To use the Stata in Ipython Notebook. First, you need to set up Python. Here, I’m using anaconda distribution and Python version 3.7. You need to ensure that you have Stata 17, which provides integration of Stata and Python in Ipython notebook/ Jupyter Notebook.

To start with the Ipython notebook you need to install stata-setup package/library using pip.

pip install stata-setup

Next, open an Ipython notebook, and you need to import stata_setup module. Further, we need to use stata_setup.config( ) and supply the directory where the Stata exist in your local machine, also specify the edition of Stata. Here in my case I’m using the Basic Edition so, “be”.

Once you run it, you will see the following Stata page, indicating you are now connected to Stata desktop.

import stata_setup
stata_setup.config("D:\Application Installation\STATA", "be")

Stata 17 Basic Edition in Ipython notebook

Load auto Data in Stata

First, I’m going to set the white tableau scheme permanently, which is a wonderful plot scheme.

You can enable it by installing schemepack package developed by Asjad Naqvi. Follow the link for installation instructions: Link.

In jupyter notebook, to send any instruction to Stata we need to initiate the command with a %%stata magic command.

%%stata
set scheme white_tableau, perm

Once, we set the tableau scheme; next we start analysing data.
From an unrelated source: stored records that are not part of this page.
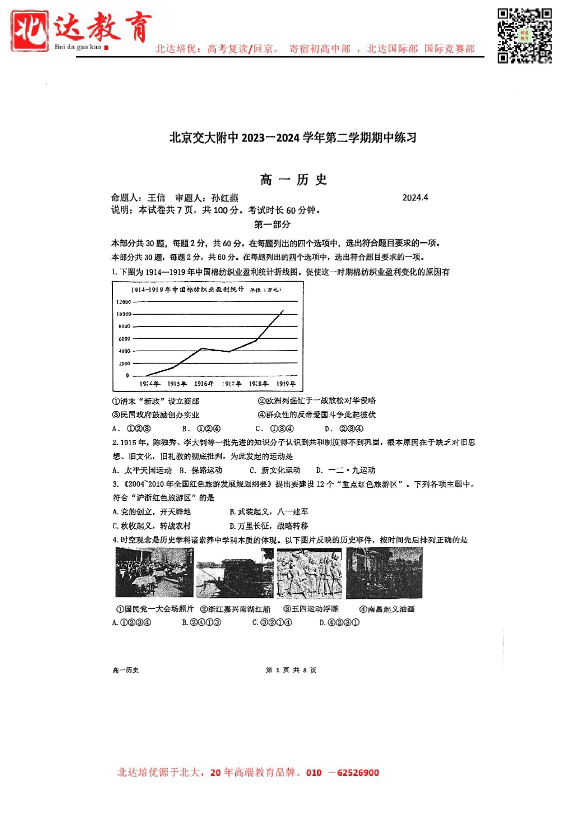 2024年北京交大附中高一(下)期中开考,北达教研组整理了2024北京交大附中高一(下)期中历史试卷,分享给同学们。 导读推荐:2024北京各区高一(下)期中试题及答案汇总 北京北达全日制学校:中高考复读,外…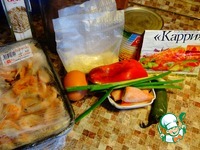 Сваренный рис добавить к овощам. Положить порошок карри по вкусу. Добавить креветки и мелко порезанный зелёный лук. Перемешать. |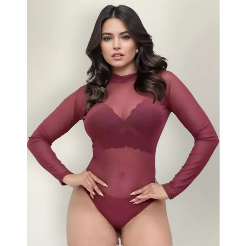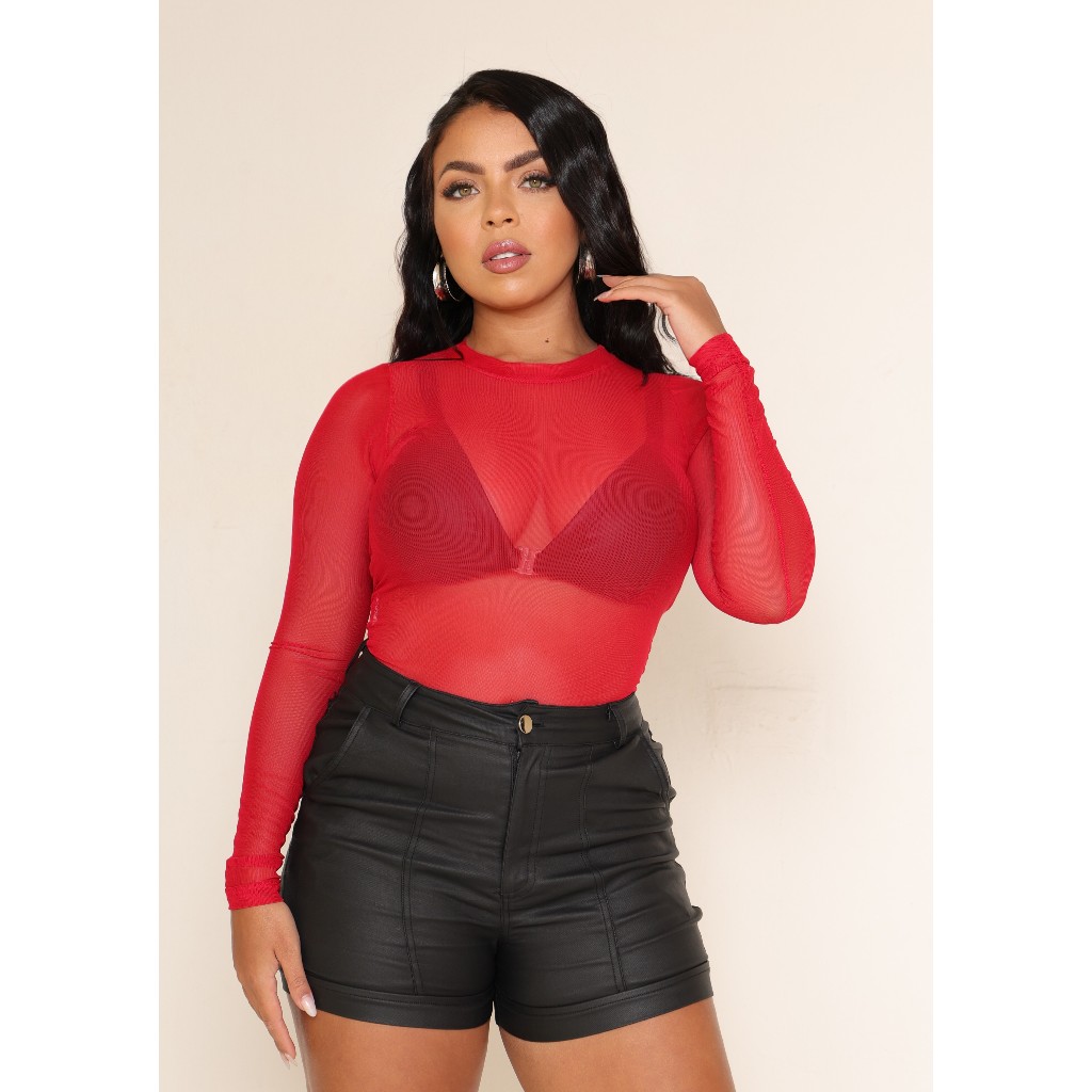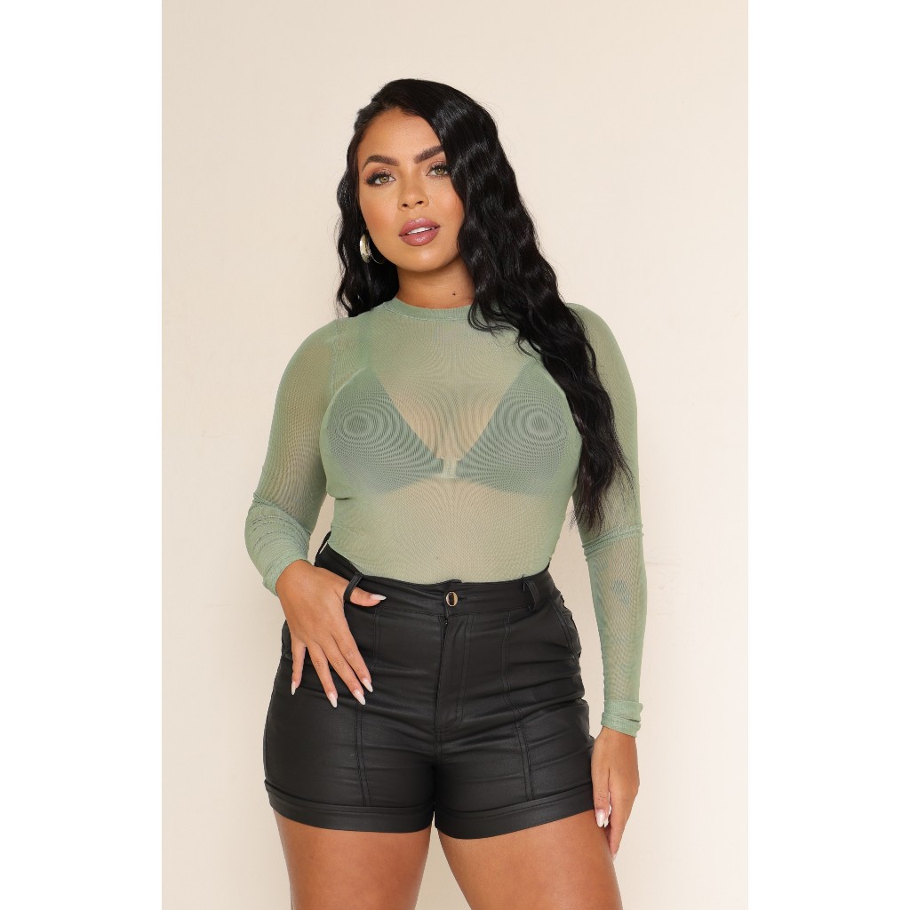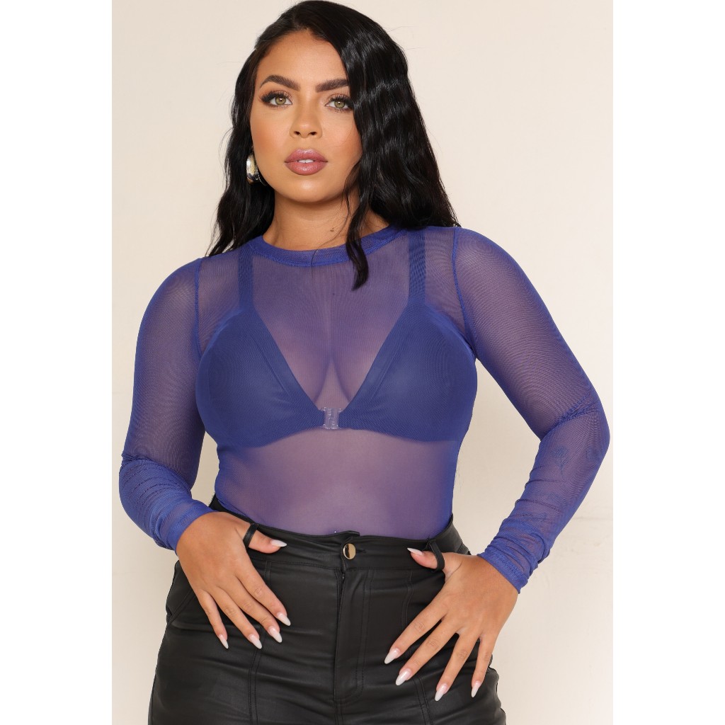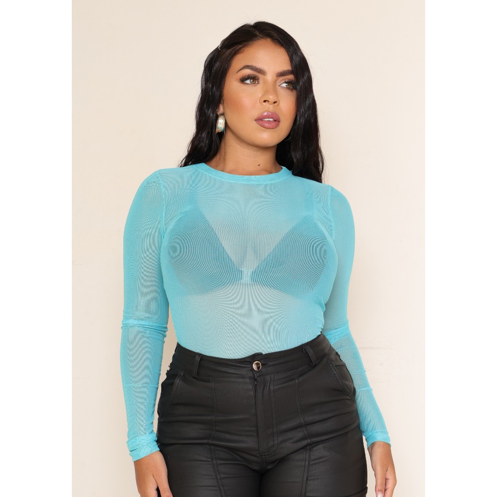 Body Blusa Tule Manga Larga Transparente Roupas Femininas

Let’s load the auto data.

Here, we used the system default auto data and summarize it.

%%stata
sysuse auto, clear
summarize

Generating a Scatter Plot

Let’s generate a scatter plot between mpg and weight for Domestic and Foreign cars separately using the twoway command.

%%stata
twoway (scatter mpg weight, msize(vlarge)), by(foreign)

Scatter plot between mpg and weight by foreign

2. Load a DataSet Into Python and Transferring it to Stata for Analysis:

Let’s load the inbuilt tips data from Python’s Seaborn library.
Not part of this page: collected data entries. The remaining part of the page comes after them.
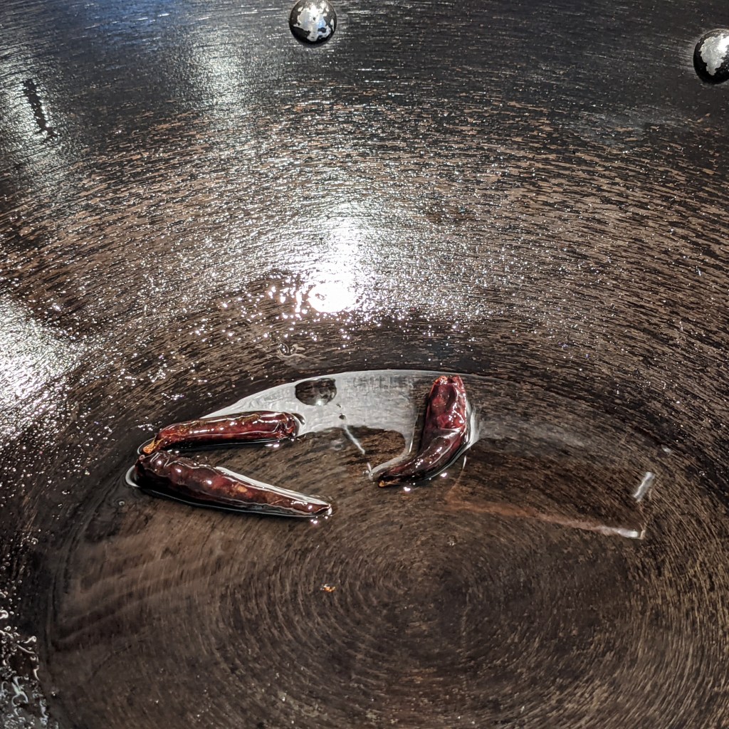 Heat 1 tbsp. oil in a small pan or skillet on medium high heat. Stir fry the chilies in hot oil till it changes color. After a few minutes, the chilies will turn dark brown. Turn off the heat, remove the chili, and place in a bowl.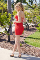 Strapless Dress with Illusion Deep V Bustline, Beaded Top Edges, Side Waist Bead Design NXY224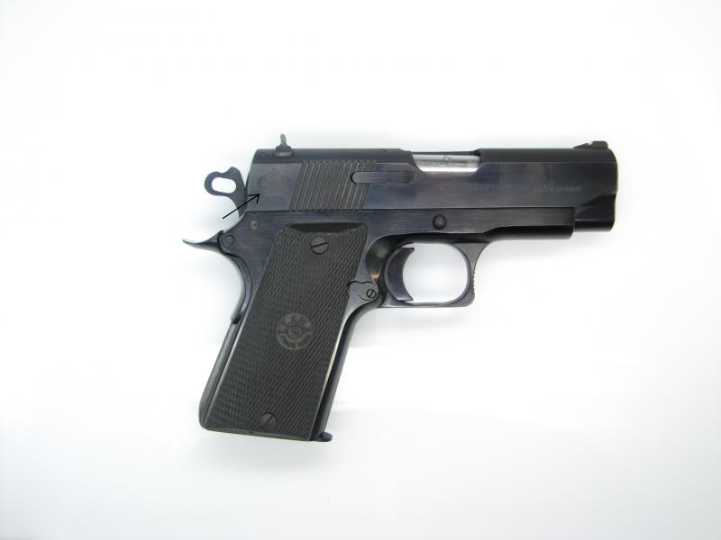 Un ejemplo de pistola Llama Mod I con punzón de GECO en el lado izquierdo.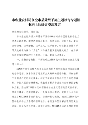 市农业农村局在全市县处级干部主题教育专题读书班上的研讨交流发言.docx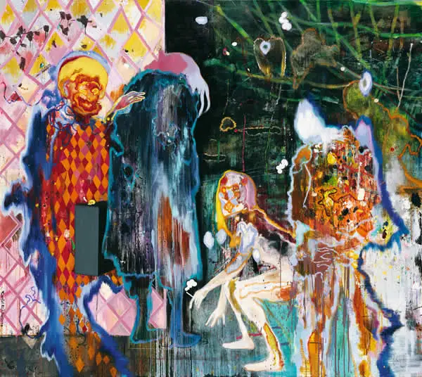 innerhalb der Lausen sein Orientierungsfeld stark erweitert. Dabei bedient er sich oft der Gestaltungselemente anderer Maler, um sie ungeniert gegeneinander ins Bild zu setzen. So wird der expressionistische Gestus durch eine brüchige Ornamentik, die Friedensreich Hundertwasser zum Vorbild nimmt, gezügelt.

import seaborn as snstips = sns.load_dataset("tips")
tips.head()

We can also check the value counts for categorical data.

tips["time"].value_counts()

Before we send this data to Stata we need to ensure that there are no other data in Stata memory. Thus, it is good practice to clear the memory using clear command.

%%stata
clear

Transferring Data from Python to Stata

To transfer the tips data to Stata we need to use -d datasetname

We can now use list in 1/5 to print top five observations

%%stata -d tips
list in 1/5

Let’s summarize the data using summarize command. It only produced summary for the continuous data, i.e., total_bill, tip and size.

%%stata
summarize

Let’s see the data format/type using the describe command.

%%stata
describe

You can observe that sex, smoker, day and time are in string format. The next step is to encode the labels and transform them into categorical variables (sex, smoker, day and time).

Label sex

We label the sex → 0: Male and 1: Female and save it into another variable called sex_enc.
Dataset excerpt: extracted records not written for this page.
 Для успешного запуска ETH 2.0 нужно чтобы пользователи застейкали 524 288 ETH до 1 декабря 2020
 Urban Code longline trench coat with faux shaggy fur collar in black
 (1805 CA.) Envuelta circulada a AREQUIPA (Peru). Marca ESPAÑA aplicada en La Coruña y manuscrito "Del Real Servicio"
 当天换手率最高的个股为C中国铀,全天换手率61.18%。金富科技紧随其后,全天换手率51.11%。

%%statalabel define sex_lab 0 "Male" 1 "Female"
encode sex, gen(sex_enc) label(sex_lab)
tab sex_enc

Label smoker

We label the smoker status → 0: No and 1: Yes and save it into another variable called smoker_enc.

%%statalabel define smoker 0 "No" 1 "Yes"
encode smoker, gen(smoker_enc) label(smoker)
tab smoker_enc

Label time

We label the time → 0: Lunch and 1: Dinner and save it into another variable called time_enc.

%%statalabel define time_lab 0 "Lunch" 1 "Dinner"
encode time, gen(time_enc) label(time_lab)
tab time_enc

Label Day

We label the Day status → 0: Sat, 1: Sun, 2: Thur and 3: Fri and save it into another variable called day_enc.

%%statalabel define day_lab 0 "Sat" 1 "Sun" 2 "Thur" 3 "Fri"
encode day, gen(day_enc) label(day_lab)
tab day_enc

Chi-square Test of Independence

Once we label all categorical variables, let’s check whether the categorical variables are acting as it should act in Stata. Let’s conduct a Chi-square test of independence and check whether sex and smoker are related. The test statistics (p>0.05) revealed that sex and smoker are independent.

%%stata
tab sex_enc smoker_enc, chi2

Fit a Linear Regression Model

Let’s fit a linear regression using reg Stata command. It worked as expected.

%%stata
reg tip total_bill ib(0).smoker_enc ib(0).sex_enc ib(0).time_enc ib(0).day_enc

Compute margins

Let’s generate a margin plot by supplying the total bill from 3 to 50 at an interval of 5, while holding other variables constant.

%%stata
quietly margins, at(total_bill=(3(5)50))
marginsplot

3. Transferring Predictions from Stata to Python

Sometimes we may need to transfer some estimates from Stata to Python to perform any computation on that. Say, we want to transfer the margin estimate computed previously to Python. We can use the -doutd and save it to preddata. We will use this preddata in next step.

For now, let’s calculate the margin again and save it in Stata as predictions. Now, if we print the predictions, we can see the name of the columns total_bill as _at1 and margins as _margin. Let’s rename the columns as total_bill and pr_tip.

%%stata -doutd preddataquietly margins, at(total_bill=(3(5)50)) saving(predictions, replace)use predictions, clearlist _at1 _margin in 1/5
rename _at1 total_bill
rename _margin pr_tip

If we now access the two columns from preddata and print the first 5 observations in Ipython notebook. It will print the data as pandas dataframe.

preddata[['total_bill', 'pr_tip']].head()

Stata is a wonderful software for performing statistical analysis. Similarly, Python is a wonderful general purpose programming language. We can use both of them parallelly to harness the power to solve both statistical and machine learning related problems.

Click here for the data and code

I hope you’ve found this article useful!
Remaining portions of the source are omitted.